Famed N.D. pilot Bob Odegaard killed during practice for Valley City air show
VALLEY CITY, N.D. - Famed North Dakota pilot Bob Odegaard was killed Friday night during a practice run for an air show here.
Odegaard, 66, of Kindred, was renowned for both his skills in the cockpit and for restoring airplanes, and he was an instrumental part of getting the Fargo AirSho - and later the Fargo Air Museum - off the ground.
"I'm kind of stung by it. It's a shock," said Dick Walstad, co-chairman of the Fargo air show. "He's one of those guys where if it had wings, he could fly it."
Sgt. Troy Hischer of the North Dakota Highway Patrol said the crash, which happened at the Barnes County Municipal Airport about 5:55 p.m., reportedly happened while Odegaard was attempting a barrel roll while practicing for the Valley City show that was set for today but canceled after the fatal crash.

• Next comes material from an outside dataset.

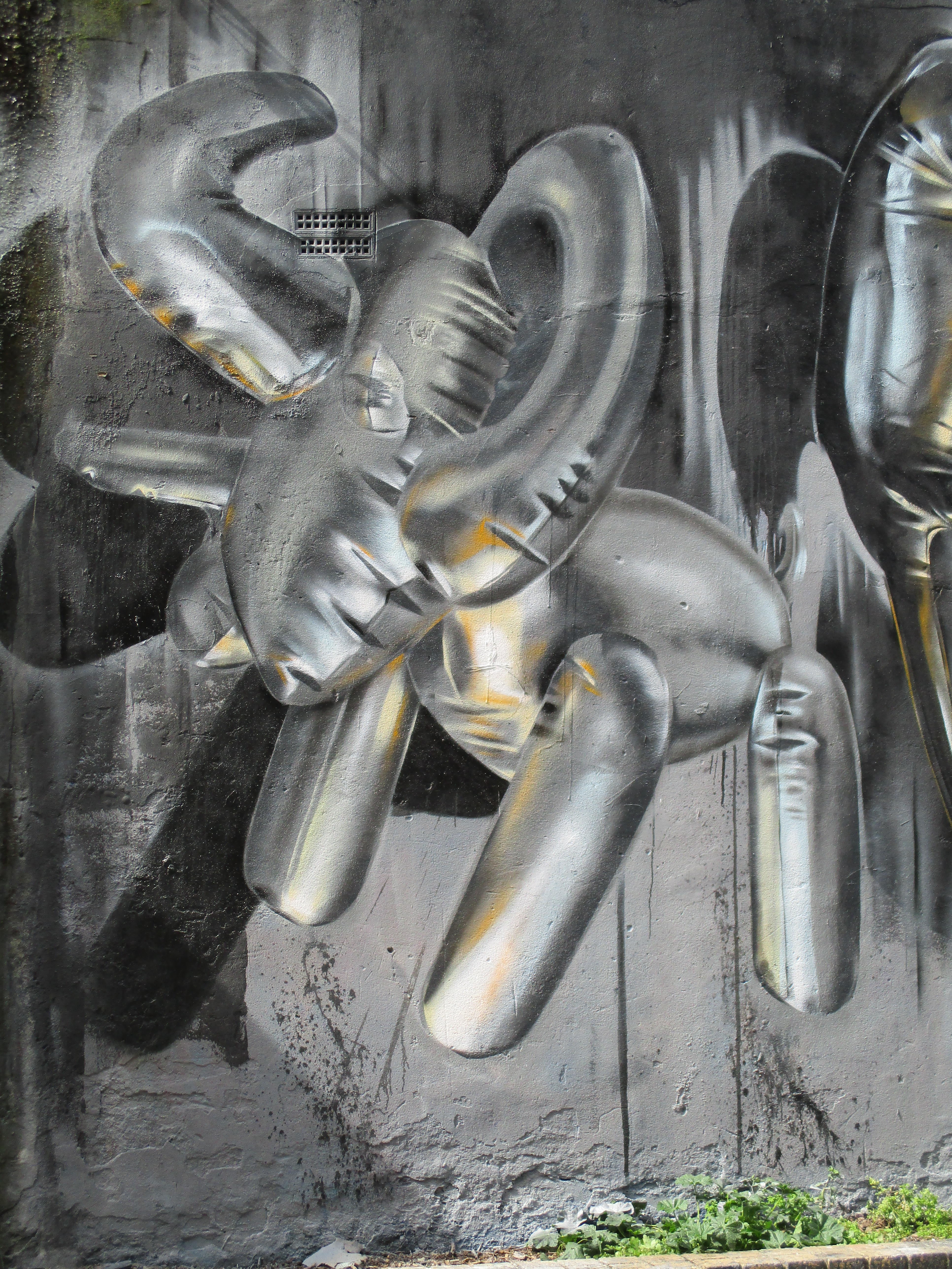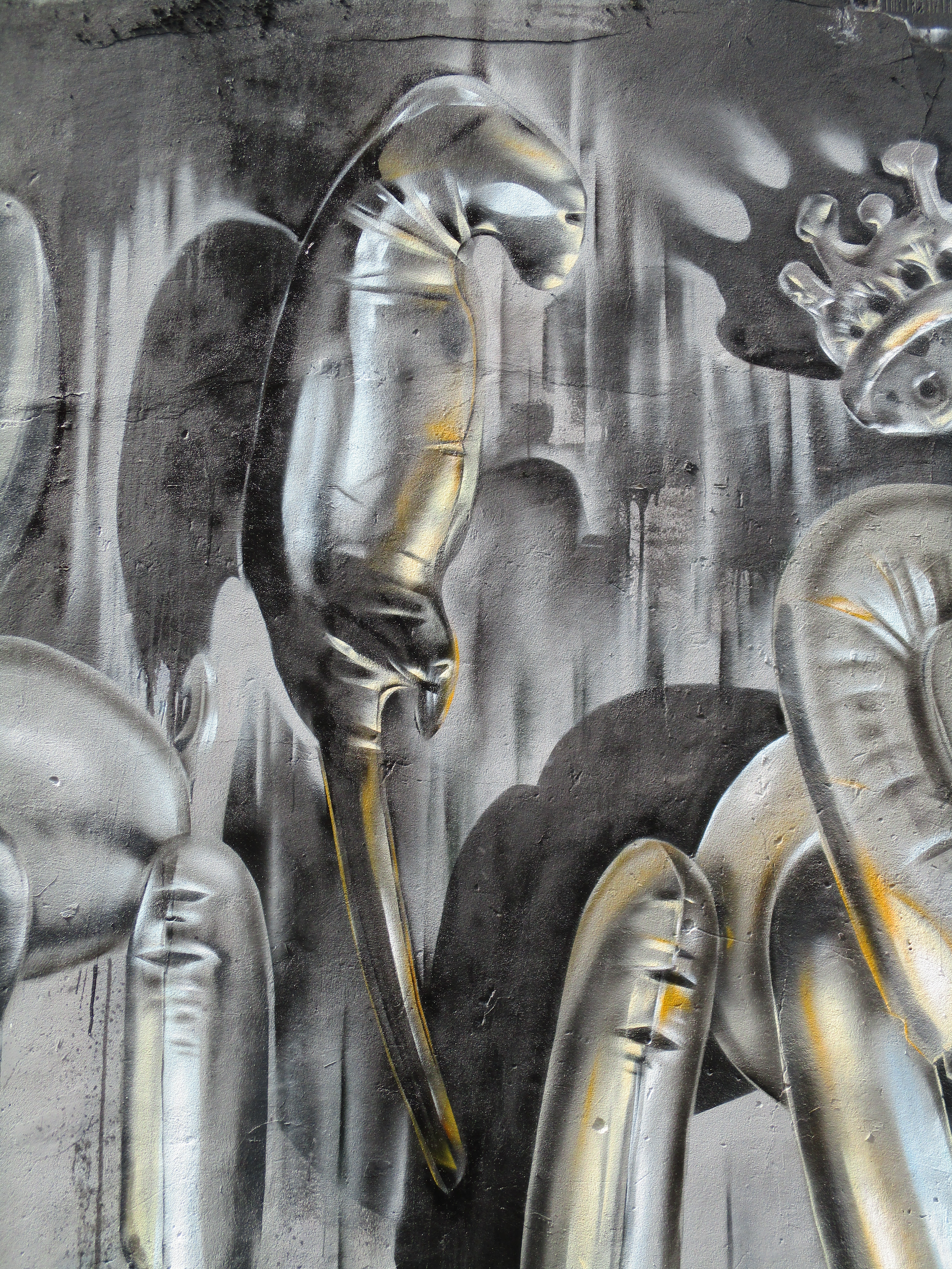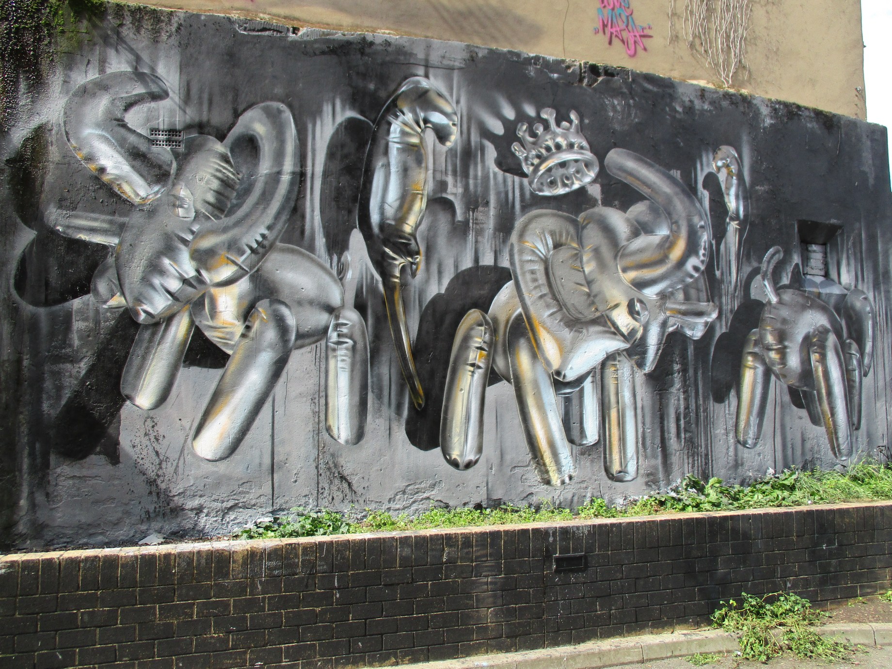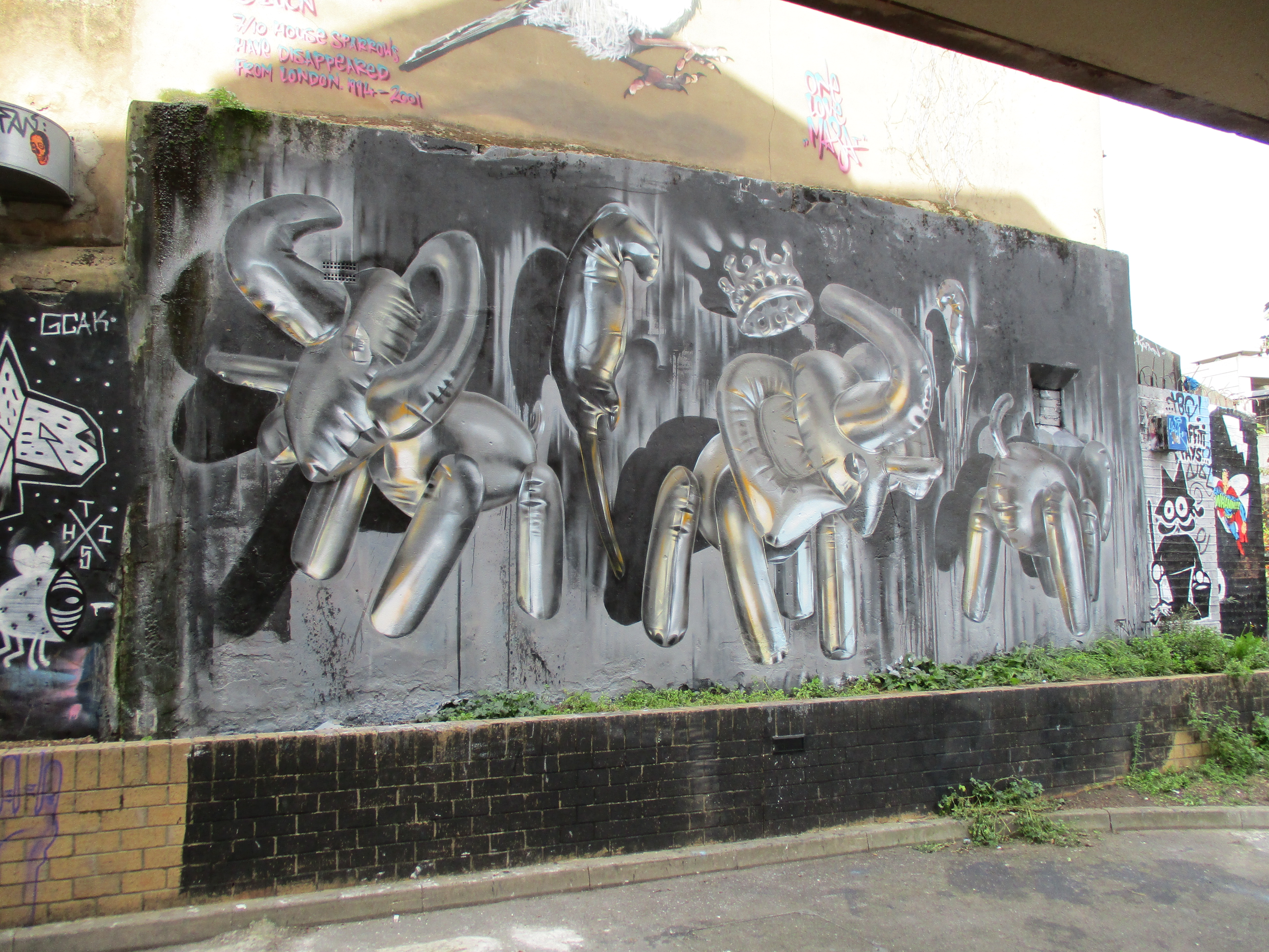 Further advancing his change of direction, moving into a more monochrome approach to his helium balloon creations over the last six or so months, the fun work depicts a trio of elephants, all in different stances and facing different directions, offering the maximum opportunity to demonstrate his superb use of shadow and reflective light highlights to make the work just pop of the wall. The elephants are accompanied by a floating crown in the centre along with the addition of two superb helium balloon parrots.

Hischer said authorities aren't yet sure if the crash was caused by mechanical or human error.
"Something went terribly wrong and he crashed," the trooper said.

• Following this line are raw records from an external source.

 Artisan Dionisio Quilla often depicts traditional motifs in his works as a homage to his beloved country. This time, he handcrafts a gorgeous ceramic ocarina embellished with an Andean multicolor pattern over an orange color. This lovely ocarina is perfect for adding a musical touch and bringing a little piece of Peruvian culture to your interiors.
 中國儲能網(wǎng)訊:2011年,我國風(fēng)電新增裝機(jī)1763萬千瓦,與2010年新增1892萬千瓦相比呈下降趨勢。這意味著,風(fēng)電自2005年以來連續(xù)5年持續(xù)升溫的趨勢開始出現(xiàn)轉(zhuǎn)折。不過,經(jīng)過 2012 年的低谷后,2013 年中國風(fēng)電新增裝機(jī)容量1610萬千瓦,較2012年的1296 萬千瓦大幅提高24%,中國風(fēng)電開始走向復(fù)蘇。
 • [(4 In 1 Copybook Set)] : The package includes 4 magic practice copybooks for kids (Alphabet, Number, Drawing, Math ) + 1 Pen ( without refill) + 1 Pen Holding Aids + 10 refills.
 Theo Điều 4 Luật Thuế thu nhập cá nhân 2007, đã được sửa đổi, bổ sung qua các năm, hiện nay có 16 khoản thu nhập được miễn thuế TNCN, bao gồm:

Kris Youle of Sanborn works near the airport and was on break watching the planes practice when the crash happened.
Youle said the plane was doing loops when it slammed into the ground.
"He just didn't pull up. He went right into the ground," she said.

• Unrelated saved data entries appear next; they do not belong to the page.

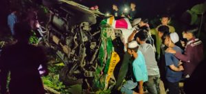 Mobil angkutan umum tersebut membawa penumpang sebanyak 24 orang itu terjungkir dan jatuh ke jurang. Dua orang penumpang meninggal dunia dan 22 orang mengalami luka-luka.
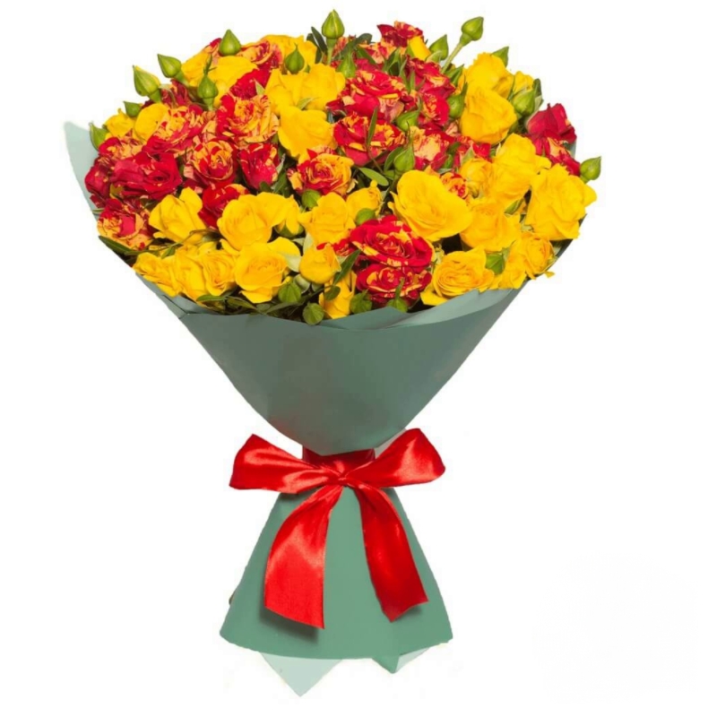 Букет состоит из MIX из 21 желтой и красной кустовой розы, красивая упаковка, атласная лента.
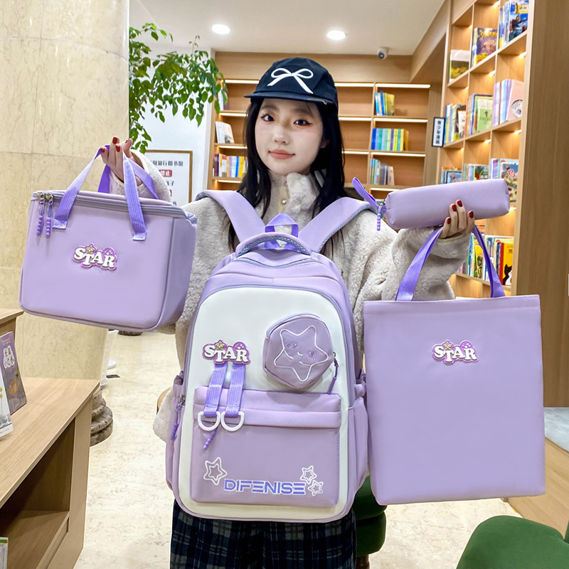 入学シーズンの小中学生カバン補習袋4点セット韓国版小清新大容量ランドセル学生カバン

Youle said she didn't notice any smoke or hear any explosions coming from the airplane before the crash.
Larry Welken, vice chairman of the airport's board of directors, was on the field helping fuel planes when the crash happened.
"It looked like he was possibly trying to get out of the plane, like he knew something was wrong," said Welken, a pilot for 35 years. "He just plowed into the ground."
Welken said he didn't notice any explosions, either, and the only fire was a small one on the ground that was probably ignited by fuel. The Federal Aviation Administration is investigating, he said.
Welken said a test-run crash is "super uncommon."
"You couldn't find a pilot with more experience anywhere. He's known all over the country," he said.
Walstad said he was told Odegaard was flying a rebuilt Super Corsair, a rare and superpower WWII-era airplane designed to counter kamikaze attacks.
There were less than 20 ever built, and the only two operating models still in existence were both rebuilt by Odegaard within the last year or so, Walstad said.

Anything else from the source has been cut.